To divest or not to divest — that was the question posed by Catherine Ann Marshall, principal consultant at RealAlts Inc, in a panel discussion during the Canadian Investment Review‘s 2022 Global Investment Conference in April.
“When it comes to the climate transition, there’s these two basic approaches,” she said. “On one hand, we talk about stewardship and engagement — working with an asset and trying to make it better. On the other, divesting — pulling the pink ticket and getting it out of the portfolio. What do you think?”
In answering, all three panellists adopted a pragmatic approach, favouring the stewarding of high-carbon assets rather than their outright elimination from portfolios. Adam Goehner, senior manager of environmental, social and governance strategy and risk and investment strategy at the British Columbia Investment Management Corp., said the divesting approach may actually prevent plans from benefiting from the opportunity to grow an asset’s value.
“From our analysis, we found that this actually diminishes a lot of the upside potential that you have through the energy transition. Some of the highest carbon-emitting assets have the highest value-creation opportunities. They’re going to be transitioned and that’s going to require a consistent long-term philosophy.”
Serge Germain, general manager of the pension committee at the University of Sherbrooke, agreed with Goehner’s point. He also added one of his own — that by divesting, long-term institutional investors aren’t actually doing anything to reduce overall emissions.
“I’m a strong believer in the idea that money talks. If you have money invested, you have a lot of influence. And as pension fund managers manage a large amount of assets, they can be a part of that supportive transition.”
Chris Powell, director of infrastructure and timber investments at the Alberta Investment Management Corp., noted that, in the past two years, a dividing line has emerged between investors that believe hydrocarbons will remain part of the energy mix in the long term and those that believe it doesn’t.

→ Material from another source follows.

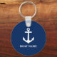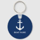 Una cadena de claves con temática náutica personalizada con el nombre de tu barco, el apellido u otro texto deseado. Este diseño único presenta un emblema de ancla de barco clásico hecho por un personalizado de color blanco sobre un fondo azul marino. Si es necesario, el color de fondo se puede personalizar fácilmente para que coincida con la decoración actual. Hace un gran regalo en cualquier ocasión para ese super capitán, capitán o marinero.

“We much prefer voice over exit and think that engaging with portfolio companies with our investment strategies is preferential to just making divestments. Where do those funds go? What are the risk-adjusted returns of those investments? And then, divesting out of sectors means losing out if technologies change and potentially capture upsides.”
Marshall also asked the panellists for their views on whether interest in low-carbon emissions could lead to a “greenium” being paid for more environmentally responsible assets or a “brownium” reducing the price of high-carbon ones.
“I actually think that’s already making its way into the private investment space,” said Powell. “Because of some of these ESG factors and focuses, some that view assets that are more carbon-intensive as limiting this from their scope. We’re seeing less competition in that space. Conversely, with renewable projects, you often see very low returns when you forecast them out — though those are build on a lot of assumptions and we could see a ton of growth.”
Goehner adopted a similar view, adding it’s important for institutional investors to avoid looking at greener investments — or browner ones — with rose-tinted glasses. “Whether its renewables or a ton of investors chasing a small subset of some really high-quality deals, driving prices up, you get a disconnect with fundamentals.”
While Germain agreed with both of the other panellists, he also pointed out that it’s easy to underestimate the scale of the costs — and opportunities — presented by the climate crisis.
“We should expect going back to 100 million barrels a day. Trying to figure out the area that could be covered by that just confuses me. And the expectation is that consumption will be sustained at that level until past 2030. So who says the transition is really underway?”